At his last news conference on Wednesday, outgoing US President Barack Obama, 55, said if America continued to be inclusive, giving equal opportunity to everyone, “Who knows who we’re going to have?”

world Updated: Jan 19, 2017 22:08 IST
Yashwant Raj
In this Jan. 18, 2017, photo, President Barack Obama taps the podium as he concludes his final presidential news conference in the briefing room of the White House in Washington.
In this Jan. 18, 2017, photo, President Barack Obama taps the podium as he concludes his final presidential news conference in the briefing room of the White House in Washington. (AP)

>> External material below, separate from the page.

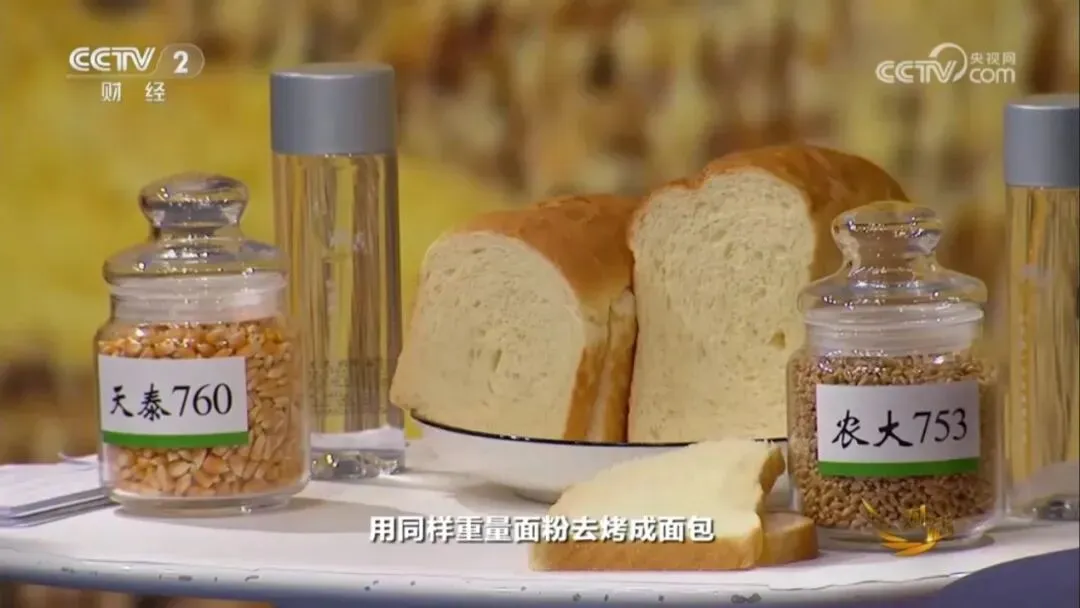 现场,孙其信带来两瓶由中国农业大学选育的种子,分别是农大753(小麦)和天泰760(玉米)。“农大753的面包加工品质可以替代进口优质面包粉。用同样重量的面粉烤成面包,谁的体积大是面包优不优质的标志之一,农大753烤出的面包体积比中等优质小麦面包要高出20%。目前,在皖北2025年的收获面积达到了50万亩。”

Reflecting on his election as the first black US president and the increasing racial and religious diversity in the country, President Barack Obama has said he believes the US will some day send a Hindu or a Jew to the White House. Or a woman, or a Latino.

The outgoing president also made clear he was not going away entirely as he planned to speak out if and when he saw “our core values” in danger, serving up a thinly veiled warning to president-elect Donald Trump and his team.

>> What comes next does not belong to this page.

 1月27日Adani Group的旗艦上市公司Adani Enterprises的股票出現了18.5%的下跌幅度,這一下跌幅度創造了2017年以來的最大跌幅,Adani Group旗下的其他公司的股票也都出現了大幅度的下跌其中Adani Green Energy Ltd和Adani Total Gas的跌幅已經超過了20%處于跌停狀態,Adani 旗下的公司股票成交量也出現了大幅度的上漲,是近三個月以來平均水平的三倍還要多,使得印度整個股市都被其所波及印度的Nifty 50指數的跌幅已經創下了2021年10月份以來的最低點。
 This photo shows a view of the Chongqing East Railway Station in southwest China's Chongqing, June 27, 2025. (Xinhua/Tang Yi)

Taking questions at his last news conference on Wednesday Obama, 55, said if America continued to be inclusive, giving equal opportunity to everyone, “we’re going to have a woman president, we’re going to have a Latino president, and we’ll have a Jewish president, a Hindu president”.

“Who knows who we’re going to have?” he wrapped up the argument with the usual Obama flourish tailored to get a laugh, “I suspect we’ll have a whole bunch of mixed-up presidents at some point that nobody really knows what to call them.”

As reporters cracked up, expectedly, the context of his remarks couldn’t have been lost on anyone. The United States had passed up, once again, a chance to elect a woman as its president just a few weeks ago, someone Obama had campaigned for.

The country took nearly 220 years since its first presidential election to elect an African American president, and as a Protestant-majority country it waited more than 170 years to pick its first Catholic president, John F Kennedy.

And, as Obama said, it has had no Jewish or Hindu person as president or even one from the Latino community, which is the largest minority community in the US now, overtaking African Americans. There are about 4 million Jews and an estimated 2.29 million Hindus in the US.

They have a long way to go. Tulsi Gabbard, a Democrat from Hawaii who became the first Hindu elected to the US Congress (the House of Representatives) in 2012, is often spoken as a leading prospect from this tiny religious minority.

Gabbard was joined in 2017 by three more Hindus, all Indian Americans — Rohit “Ro” Khanna, Pramila Jayapal and Raja Krishnamoorthi. Gabbard is not of Indian descent, although people often mistake her as one since she is a Hindu.

Any one of them could some day become president if, as Obama said while reflecting on his own election, America continued to give every citizen equal opportunity. “Inequality”, he said, is among a few things he worries about as he leaves office.